Русская эпиграмма второй половины XVII - начала XX в. (Авторов) - страница 20

Приятно дерзкой эпиграммой
Взбесить оплошного врага;
Приятно зреть, как он, упрямо
Склонив бодливые рога,
Невольно в зеркало глядится
И узнавать себя стыдится;
Приятней, если он, друзья,
Завоет сдуру: это я!
(«Евгений Онегин»)

Пушкинская эпиграмма естественно вырастала из общего пафоса его свободолюбивой поэзии. Сатирические образы «самовластительного злодея» и «барства дикого», тираноборческие мотивы и высокие демократические, революционные идеалы оплодотворяли его «музу пламенной сатиры».

К середине 1820-х годов творчество Пушкина обогащается принципом художественного историзма. Сам поэт так характеризовал умение писателя верно передавать явления действительности, когда «не он, не его политический образ мнений, не его тайное или явное пристрастие» выступают в произведении, но сама жизнь и «минувший век во всей его истине»[17].

В просветительской эпиграмме отрицательный персонаж трактуется как раб порочных страстей, понимаемых довольно отвлеченно. Правда, врывается и социальная тематика, но тоже истолкованная в духе классицистической эстетики. В эпиграмме такого рода постигалось не конкретно-историческое качество явлений, а изображались отдельные мотивы чувствований и поступков.

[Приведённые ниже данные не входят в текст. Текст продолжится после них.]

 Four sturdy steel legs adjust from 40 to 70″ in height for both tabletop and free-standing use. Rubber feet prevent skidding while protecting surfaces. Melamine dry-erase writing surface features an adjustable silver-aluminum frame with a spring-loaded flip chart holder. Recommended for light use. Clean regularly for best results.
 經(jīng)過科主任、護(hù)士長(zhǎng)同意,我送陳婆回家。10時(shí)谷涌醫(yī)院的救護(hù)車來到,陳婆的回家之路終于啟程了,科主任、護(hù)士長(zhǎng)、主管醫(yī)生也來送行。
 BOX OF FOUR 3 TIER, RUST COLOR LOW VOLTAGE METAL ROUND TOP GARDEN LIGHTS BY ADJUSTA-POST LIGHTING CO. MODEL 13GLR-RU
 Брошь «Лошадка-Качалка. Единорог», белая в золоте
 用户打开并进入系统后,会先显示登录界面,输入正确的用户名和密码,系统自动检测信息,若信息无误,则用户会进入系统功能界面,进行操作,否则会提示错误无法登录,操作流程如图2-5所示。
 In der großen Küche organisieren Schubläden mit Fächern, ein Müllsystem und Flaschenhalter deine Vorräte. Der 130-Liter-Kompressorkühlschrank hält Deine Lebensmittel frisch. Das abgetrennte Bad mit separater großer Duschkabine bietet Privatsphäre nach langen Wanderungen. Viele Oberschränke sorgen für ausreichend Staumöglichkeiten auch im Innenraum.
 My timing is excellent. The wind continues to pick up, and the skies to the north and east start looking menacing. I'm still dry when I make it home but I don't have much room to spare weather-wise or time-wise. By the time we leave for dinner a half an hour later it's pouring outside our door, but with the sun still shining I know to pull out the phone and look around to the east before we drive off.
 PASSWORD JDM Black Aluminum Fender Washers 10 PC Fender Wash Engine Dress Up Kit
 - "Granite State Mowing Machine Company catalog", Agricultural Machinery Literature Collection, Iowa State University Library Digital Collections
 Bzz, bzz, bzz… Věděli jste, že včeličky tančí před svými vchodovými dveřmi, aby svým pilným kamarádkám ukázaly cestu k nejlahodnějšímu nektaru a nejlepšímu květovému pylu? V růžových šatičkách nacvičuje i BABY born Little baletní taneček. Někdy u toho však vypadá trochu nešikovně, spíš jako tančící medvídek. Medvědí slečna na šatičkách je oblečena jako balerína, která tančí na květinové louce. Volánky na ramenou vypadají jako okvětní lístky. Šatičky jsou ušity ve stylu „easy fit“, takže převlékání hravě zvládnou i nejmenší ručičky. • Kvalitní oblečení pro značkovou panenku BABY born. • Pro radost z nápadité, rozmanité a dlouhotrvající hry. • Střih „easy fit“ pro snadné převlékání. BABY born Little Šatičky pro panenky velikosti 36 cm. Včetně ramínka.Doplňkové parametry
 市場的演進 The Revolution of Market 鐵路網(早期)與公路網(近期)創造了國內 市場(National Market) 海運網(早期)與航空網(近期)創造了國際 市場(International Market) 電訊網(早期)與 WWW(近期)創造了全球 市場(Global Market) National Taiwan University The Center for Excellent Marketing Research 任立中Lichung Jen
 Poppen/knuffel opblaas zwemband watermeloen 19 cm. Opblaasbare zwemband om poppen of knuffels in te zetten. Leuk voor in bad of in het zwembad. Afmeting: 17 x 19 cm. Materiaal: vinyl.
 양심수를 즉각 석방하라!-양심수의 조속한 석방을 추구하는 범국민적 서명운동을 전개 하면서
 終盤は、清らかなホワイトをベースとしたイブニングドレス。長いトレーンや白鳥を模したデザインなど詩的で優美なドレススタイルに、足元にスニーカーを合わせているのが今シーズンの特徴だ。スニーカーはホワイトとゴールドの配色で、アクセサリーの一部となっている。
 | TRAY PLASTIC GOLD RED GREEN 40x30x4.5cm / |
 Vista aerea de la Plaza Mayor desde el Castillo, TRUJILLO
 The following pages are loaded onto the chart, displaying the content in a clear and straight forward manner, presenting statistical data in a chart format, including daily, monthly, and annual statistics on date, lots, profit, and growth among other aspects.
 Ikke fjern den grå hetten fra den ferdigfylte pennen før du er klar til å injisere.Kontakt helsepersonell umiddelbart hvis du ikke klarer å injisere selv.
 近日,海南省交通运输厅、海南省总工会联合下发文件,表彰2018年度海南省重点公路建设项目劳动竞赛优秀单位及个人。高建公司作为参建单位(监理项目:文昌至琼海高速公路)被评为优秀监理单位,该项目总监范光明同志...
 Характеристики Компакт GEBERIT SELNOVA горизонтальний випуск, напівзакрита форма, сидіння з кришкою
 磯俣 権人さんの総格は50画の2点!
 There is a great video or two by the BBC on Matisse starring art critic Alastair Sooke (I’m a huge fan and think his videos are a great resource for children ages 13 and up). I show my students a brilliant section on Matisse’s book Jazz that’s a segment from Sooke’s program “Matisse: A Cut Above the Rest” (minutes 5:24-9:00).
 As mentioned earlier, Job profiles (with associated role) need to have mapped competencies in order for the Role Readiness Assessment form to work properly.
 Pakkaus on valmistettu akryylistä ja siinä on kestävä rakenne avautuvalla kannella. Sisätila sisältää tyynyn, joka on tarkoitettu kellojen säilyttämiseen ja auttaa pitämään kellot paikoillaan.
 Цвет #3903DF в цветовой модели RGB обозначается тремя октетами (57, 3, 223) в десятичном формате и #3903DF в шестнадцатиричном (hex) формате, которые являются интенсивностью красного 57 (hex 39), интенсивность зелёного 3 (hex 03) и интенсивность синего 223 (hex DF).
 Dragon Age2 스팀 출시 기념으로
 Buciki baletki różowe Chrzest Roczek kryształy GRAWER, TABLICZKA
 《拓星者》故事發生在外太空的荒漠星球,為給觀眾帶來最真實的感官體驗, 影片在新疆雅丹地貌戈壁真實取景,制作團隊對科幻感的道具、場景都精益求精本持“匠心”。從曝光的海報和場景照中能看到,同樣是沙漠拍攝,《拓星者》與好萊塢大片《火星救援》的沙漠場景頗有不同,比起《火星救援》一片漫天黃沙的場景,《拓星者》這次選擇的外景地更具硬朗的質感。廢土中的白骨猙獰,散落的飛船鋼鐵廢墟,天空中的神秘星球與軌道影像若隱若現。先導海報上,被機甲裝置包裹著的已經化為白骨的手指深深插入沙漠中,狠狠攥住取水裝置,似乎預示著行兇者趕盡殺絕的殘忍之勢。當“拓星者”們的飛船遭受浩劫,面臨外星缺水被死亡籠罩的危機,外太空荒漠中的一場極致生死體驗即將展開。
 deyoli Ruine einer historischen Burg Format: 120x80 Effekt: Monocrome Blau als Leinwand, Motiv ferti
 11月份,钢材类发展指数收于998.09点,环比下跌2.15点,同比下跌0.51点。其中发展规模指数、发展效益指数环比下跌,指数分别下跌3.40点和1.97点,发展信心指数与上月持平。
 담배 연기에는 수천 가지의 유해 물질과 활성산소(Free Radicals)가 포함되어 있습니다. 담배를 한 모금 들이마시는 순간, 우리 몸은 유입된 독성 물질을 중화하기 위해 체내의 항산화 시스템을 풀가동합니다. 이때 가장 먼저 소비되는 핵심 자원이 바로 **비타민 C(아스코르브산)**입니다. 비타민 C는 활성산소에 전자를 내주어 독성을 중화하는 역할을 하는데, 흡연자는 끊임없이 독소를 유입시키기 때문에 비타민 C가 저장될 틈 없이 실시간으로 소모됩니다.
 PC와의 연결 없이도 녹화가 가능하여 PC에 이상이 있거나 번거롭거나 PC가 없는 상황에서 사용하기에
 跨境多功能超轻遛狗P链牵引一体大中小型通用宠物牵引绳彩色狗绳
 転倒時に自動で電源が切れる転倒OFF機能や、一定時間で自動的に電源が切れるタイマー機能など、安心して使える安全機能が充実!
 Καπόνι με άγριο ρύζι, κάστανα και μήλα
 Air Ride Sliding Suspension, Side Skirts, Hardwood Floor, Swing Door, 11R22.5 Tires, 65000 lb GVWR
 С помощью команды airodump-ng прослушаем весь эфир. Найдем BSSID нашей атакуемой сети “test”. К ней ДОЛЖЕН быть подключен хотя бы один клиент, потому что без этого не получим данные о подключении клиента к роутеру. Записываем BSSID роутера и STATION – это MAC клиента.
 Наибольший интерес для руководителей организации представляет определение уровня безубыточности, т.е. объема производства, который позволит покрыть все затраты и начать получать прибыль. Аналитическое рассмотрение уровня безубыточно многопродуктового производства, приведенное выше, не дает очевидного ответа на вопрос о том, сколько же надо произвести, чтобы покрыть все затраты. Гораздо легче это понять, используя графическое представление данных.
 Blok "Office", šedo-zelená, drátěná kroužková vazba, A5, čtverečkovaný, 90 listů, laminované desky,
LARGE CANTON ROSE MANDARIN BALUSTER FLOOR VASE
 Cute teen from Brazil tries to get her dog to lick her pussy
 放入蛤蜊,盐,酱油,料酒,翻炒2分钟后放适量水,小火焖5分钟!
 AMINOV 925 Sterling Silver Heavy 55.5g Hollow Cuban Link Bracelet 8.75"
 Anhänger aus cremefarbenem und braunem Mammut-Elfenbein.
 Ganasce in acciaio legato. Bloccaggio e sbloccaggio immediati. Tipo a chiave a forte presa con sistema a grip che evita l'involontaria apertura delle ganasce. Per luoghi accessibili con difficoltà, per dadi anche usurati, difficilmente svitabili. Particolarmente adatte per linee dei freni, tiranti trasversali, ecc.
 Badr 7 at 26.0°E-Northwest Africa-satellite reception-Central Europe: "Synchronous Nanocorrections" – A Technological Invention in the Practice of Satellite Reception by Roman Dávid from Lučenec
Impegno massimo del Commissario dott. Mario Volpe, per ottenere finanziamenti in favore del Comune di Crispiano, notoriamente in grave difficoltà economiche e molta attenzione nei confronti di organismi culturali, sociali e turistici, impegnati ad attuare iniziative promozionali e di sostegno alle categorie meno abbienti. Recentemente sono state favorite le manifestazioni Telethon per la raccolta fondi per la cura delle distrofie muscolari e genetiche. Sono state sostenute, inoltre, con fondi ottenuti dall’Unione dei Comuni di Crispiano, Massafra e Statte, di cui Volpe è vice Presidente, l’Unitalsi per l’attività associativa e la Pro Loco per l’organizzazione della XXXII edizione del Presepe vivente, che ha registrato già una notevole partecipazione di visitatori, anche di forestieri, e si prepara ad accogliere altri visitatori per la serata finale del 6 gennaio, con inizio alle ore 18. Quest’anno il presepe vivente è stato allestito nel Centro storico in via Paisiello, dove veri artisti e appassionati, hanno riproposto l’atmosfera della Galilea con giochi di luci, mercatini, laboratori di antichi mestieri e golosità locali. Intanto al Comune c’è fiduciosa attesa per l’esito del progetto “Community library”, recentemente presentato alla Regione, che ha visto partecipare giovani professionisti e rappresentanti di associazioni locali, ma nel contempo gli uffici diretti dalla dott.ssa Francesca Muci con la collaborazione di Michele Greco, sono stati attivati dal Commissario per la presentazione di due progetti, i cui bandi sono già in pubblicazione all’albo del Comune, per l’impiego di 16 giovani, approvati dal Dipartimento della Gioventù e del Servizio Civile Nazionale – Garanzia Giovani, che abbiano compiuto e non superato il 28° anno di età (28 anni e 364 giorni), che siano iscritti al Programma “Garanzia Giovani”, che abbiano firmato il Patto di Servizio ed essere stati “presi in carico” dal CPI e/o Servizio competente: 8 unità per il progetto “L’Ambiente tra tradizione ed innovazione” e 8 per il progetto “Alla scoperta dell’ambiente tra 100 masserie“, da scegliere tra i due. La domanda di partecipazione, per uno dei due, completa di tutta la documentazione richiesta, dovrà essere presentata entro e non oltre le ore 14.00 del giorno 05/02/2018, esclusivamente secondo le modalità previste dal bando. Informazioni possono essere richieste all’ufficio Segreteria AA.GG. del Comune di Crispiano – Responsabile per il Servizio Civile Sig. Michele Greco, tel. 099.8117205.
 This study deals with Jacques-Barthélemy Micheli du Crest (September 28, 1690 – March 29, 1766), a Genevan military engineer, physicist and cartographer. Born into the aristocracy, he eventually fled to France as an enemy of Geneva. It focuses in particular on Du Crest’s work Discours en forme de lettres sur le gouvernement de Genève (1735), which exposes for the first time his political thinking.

Представление о социальной и национально-исторической обусловленности — достояние реалистической эпиграммы, выявляющей связь злого и порочного с господствующей общественной системой.

Место аллегоричности и описательности занимает прием живописной изобразительности. Эпиграмма усваивает внутренний драматизм как эквивалент напряженности постигаемых ею жизненных коллизий, диалектически противоречивой природы социальных явлений. В такой эпиграмме схвачено, как правило, одно состояние, раскрыты отдельные черты. И вместе с тем запечатлена кульминация процесса, у которого имеется своя предыстория. Причем она раскрыта явно или при помощи намека, прозрачно выраженного через соответствующие ассоциации. Итак, помимо аналитичности и историзма жанру сообщается отсутствовавшая ранее динамика как воплощение поступи человеческой истории.

Энергия негодования переходит не просто в обличение неприглядного лица, предмета или явления, а воплощается в нечто более сложное и опосредствованное — в комическую ситуацию. А значит, возникает потребность в отказе от условной маски и тяга к конкретному, интерес и вкус к бытовой детали, неповторимости индивидуального облика. Вместо безликих Дамонов и Глупонов, выступавших лишь оболочкой авторской идеи, — пластичность реалистического образа.

Универсальный гений Пушкина объял все типы эпиграмм и в каждом из них создал шедевры. Скажем, даже антологическая эпиграмма («во вкусе древних», по терминологии самого поэта) в таких ее образцах, как «Труд», «Отрок», «Рифма» и др., зазвучала совсем по-новому.